# Heute geholt Radon ZR Team 7.0



## Blitzlichtbim (30. Juli 2011)

Habe heute direkt bei Radon das ZR Team 7.0 geholt.
Super Beratung, die auch Ahnung hat, nicht so wie viele andere.
Nun aber eine Frage, da die nächste  Servicewerkstatt zur Erstinspektion ca 70 km von mir entfernt, ich aber eine kleine Zweiradwerkstatt um die Ecke habe, kann ich auch dort das Bike zur insp. bringen ?


----------



## toledo2390 (30. Juli 2011)

Können schon 
Aber manche nehmen auch nur Fahrräder die sie selbst verkauft haben.

Frag doch einfach mal
Ob, wenn der Mechaniker was verpfuscht, die Garantie bleibt weis ich nicht.


----------



## MTB-News.de




----------



## Blitzlichtbim (30. Juli 2011)

Der macht das, hatte mein Pepperbike auch da


----------



## siga (30. Juli 2011)

Das würde mich auchmal interessieren.

Erlischt die Garantie wenn ich das Bike nicht nachweisslich zur Inspektion bringe?

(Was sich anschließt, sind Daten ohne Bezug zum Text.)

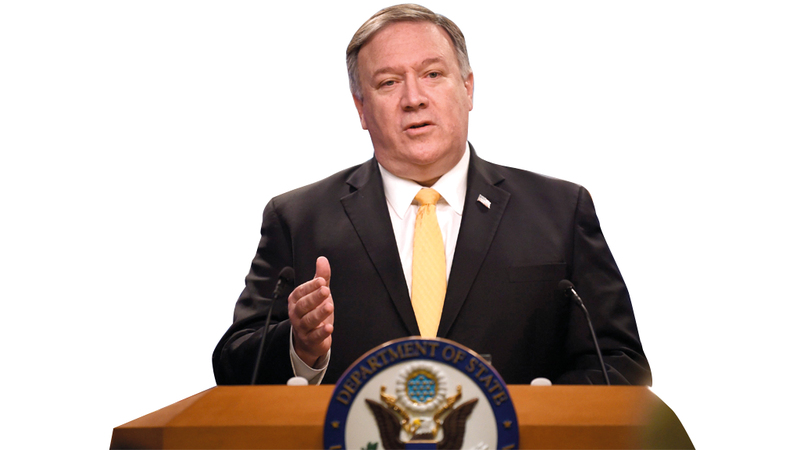 بومبيو خلال إعلان القرار الأميركي حول الصواريخ النووية. أ.ف.ب
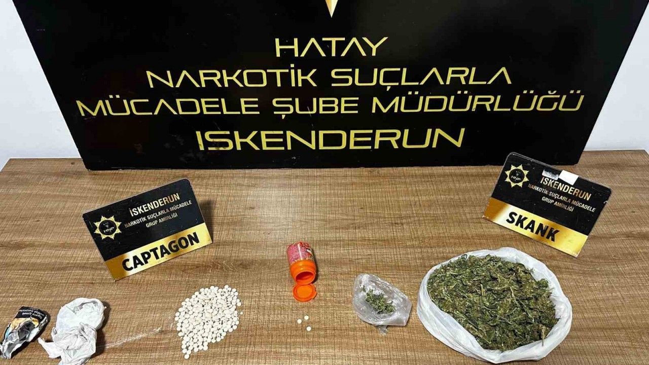 İl Emniyet Müdürlüğü görevlilerince uyuşturucu imal ve ticaretine yönelik çalışmalarını sürdürüyor. İskenderun ilçesinde A.Y. isimli şahsın Meydan Mahallesindeki konteynerinde yapılan aramada;2 parça halinde daralı 34 gram uyuşturucu metamfetamin maddesi, M.O. isimli şahsın Moderen Evler mahallesindeki ikametinde ve aracındaki aramada; 2 parça halinde daralı 185 gram Esrar, 283 Adet Captagon ele geçirildi.

Was wird bei einer Erstinspektion alles gemacht?

mfg


----------



## Blitzlichtbim (30. Juli 2011)

Da wird die Schaltung eingestellt, alle Züge nachgestellt und die Speichen und Schrauben nachgezogen


----------



## Tobbe2810 (8. August 2011)

Wann sollte man zur Erstinspektion?
habe jetzt mein Team 7.0 ca. 3 Wochen und habe jetzt 350 km drauf.. sollte ich langsam mal zur Inspektion? 
Danke schonmal!


----------



## Blitzlichtbim (8. August 2011)

Tobbe2810 schrieb:


> Wann sollte man zur Erstinspektion?
> habe jetzt mein Team 7.0 ca. 3 Wochen und habe jetzt 350 km drauf.. sollte ich langsam mal zur Inspektion?
> Danke schonmal!


Na dann kannst du schon mal einen Termin machen.
Ich bringe es heute nach 1 Woche und 180 km hin


----------